In the third step: "Development and application of probabilistic imputation model" of your GB paper, the DNAm levels of unexpressed genes are estimated by a 2-state mixture of gamma distributions of all expressed genes. Users may want to learn how to build this model from the expression matrices of SCM2 and RMAP. I found that the DNAm levels, the gene expression levels, and the final posterior probabilities are stored in the data("dbSCM2") and data("dbRMAP"). The final posterior probabilities are inferred from the gene expression matrix based on the 2-state mixture of gamma distributions. Could you add some example codes to describe how to infer the posterior probabilities? Your open code will provide valuable learning resources for beginners in bioinformatics.

Below is some code, I have tried.

topIntMR.m <- topIntMRrmap.m
intDNAm.m <- betaRMAPint.m
intExpR.m <- expRMAPint.m
pEgX.m <- pEgXrmap.m

#Get the gene expressions.
exp =c(intExpR.m); exp = exp[!is.na(c(exp))]

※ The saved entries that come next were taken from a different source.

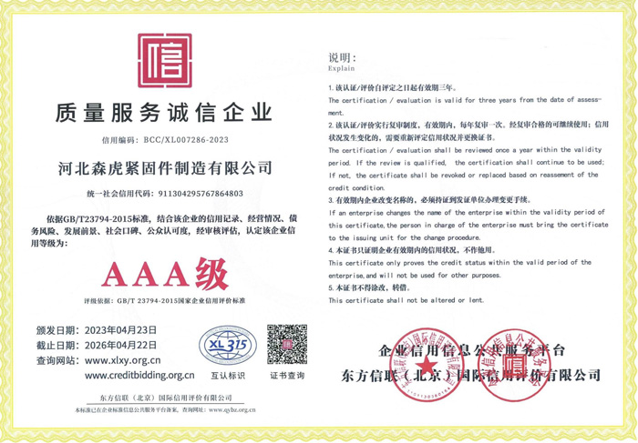 歡迎新老客戶來(lái)電垂詢,來(lái)廠參觀考察,洽談合作河北森虎緊固件制造有限公司
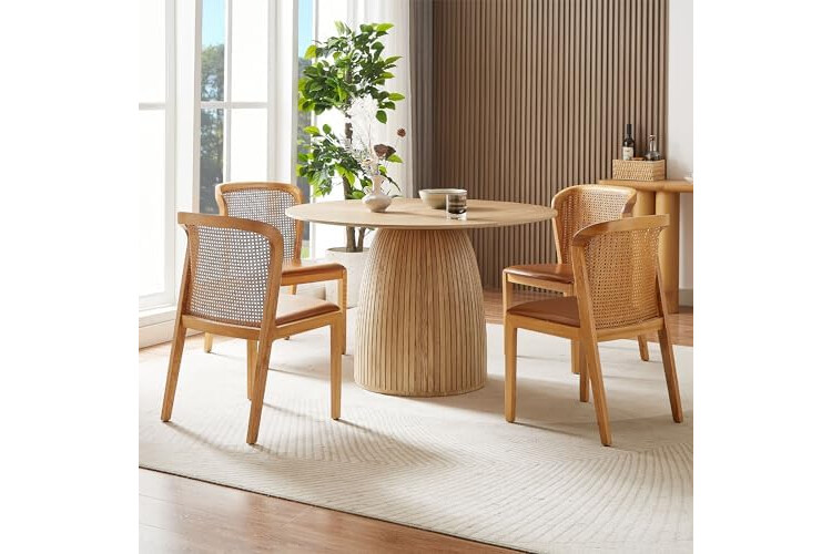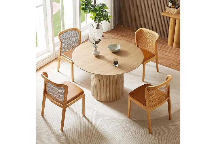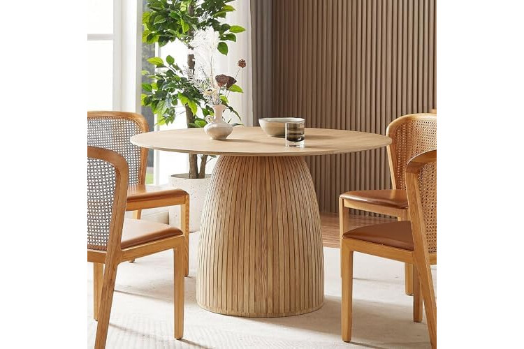 47" Round Dining Table for 4-6 People, Modern Farmhouse Wood Dining Room Table with Circle MDF Table Top & Fluted Circular Pedestal Base for Kitchen, Restaurant, Café, Oak
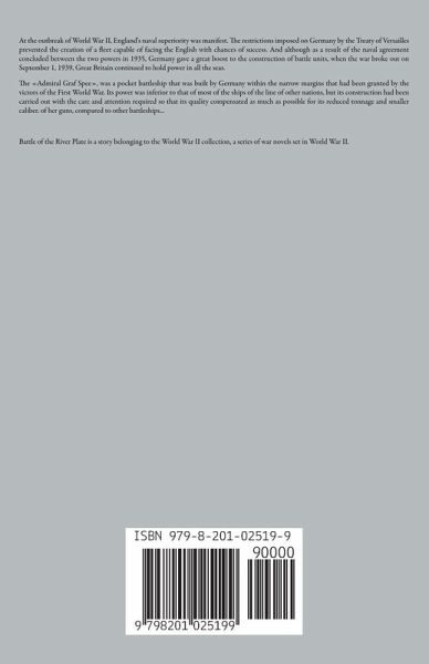 At the outbreak of World War II, England's naval superiority was manifest. The restrictions imposed on Germany by the Treaty of Versailles prevented the creation of a fleet capable of facing the English with chances of success. And although as a result of the naval agreement concluded between the two powers in 1935, Germany gave a great boost to the construction of battle units, when the war broke out on September 1, 1939, Great Britain continued to hold power in all the seas. The «Admiral Graf Spee», was a pocket battleship that was built by Germany within the narrow margins that had been granted by the victors of the First World War. Its power was inferior to that of most of the ships of the line of other nations, but its construction had been carried out with the care and attention required so that its quality compensated as much as possible for its reduced tonnage and smaller caliber. of her guns, compared to other battleships... Battle of the River Plate is a story belonging to the World War II collection, a series of war novels set in World War II.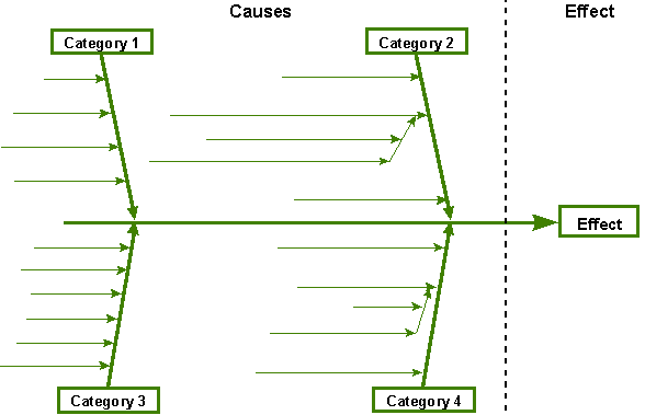 The problem statement (the ‘Effect’) is entered in a box at one end of the ‘backbone’.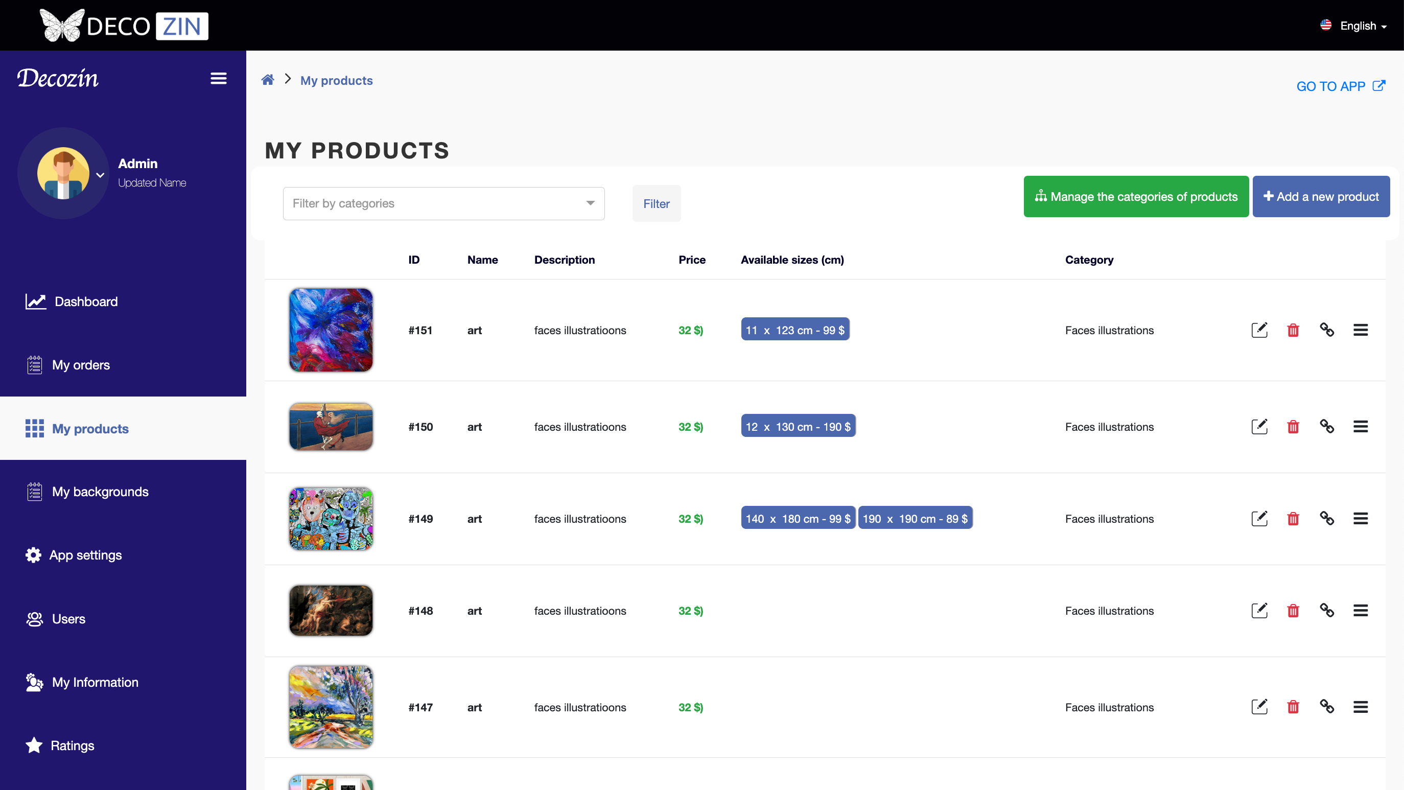- Adding and managing products: The admin can add new products (paintings) to the website, modify existing products, or remove products that are no longer available. They can also manage the images associated with each product, as well as the pricing and other relevant information.

#The 2 gramma distributions. We assume one is an exponential distribution.
#One is exponential distribution. a = 1, b = 1/0.235734
mean(exp[exp <= 1.1]) #0.235734

#define function to calculate mode
find_mode <- function(x) { u <- unique(x); tab <- tabulate(match(x, u));u[tab == max(tab)]}

#The other one is gammam distribution.
x = mean(exp[exp > 1.1]) #3.66
y = find_mode(exp[exp > 1.1]) #1.186501 

#get the alpha and beta values.
a = x/(x-y) #1.479176 1.429793
b = 1/(x-y) #0.4038569 0.3903738

#Fit the model, using the estimated prior parameters.
out = gammamixEM(exp,  alpha = c(1, 1.48), beta = c(4.24, 0.40),  epsilon = 1e-06)

out$lambda
#[1] 0.94017109 0.05982891

out$gamma.pars
#comp.1         comp.2
#alpha 1.000000 1.48000000
#beta  2.670065 0.01694109

a = c(1, 1.48); b = c(2.67, 0.0169)
x = exp

#The posterior probabilities
P_exp = dgamma(x, shape = a[2],  rate = b[2])*0.06/( dgamma(x, shape = a[2],  rate = b[2] )*0.06  + dgamma(x, shape = a[1],  rate = b[1])*0.94)

plot(density(P_exp))

[aet21]

For a given imputable marker gene, the procedure to determine which samples are expressed and which ones are not, is very clearly explained in the Genome Biology paper. This is basic 2-state mixture modelling stuff. For the two databases SCM2 and RMAP, these analyses are precomputed for each imputable gene, as there is no point recalculating these every single time you want to use EpiSCORE, i.e these analyses are completely separate from the actual imputation of the DNAm reference matrix.

[qingjian1991]

For a given imputable marker gene, the procedure to determine which samples are expressed and which ones are not, is very clearly explained in the Genome Biology paper. This is basic 2-state mixture modelling stuff. For the two databases SCM2 and RMAP, these analyses are precomputed for each imputable gene, as there is no point recalculating these every single time you want to use EpiSCORE, i.e these analyses are completely separate from the actual imputation of the DNAm reference matrix.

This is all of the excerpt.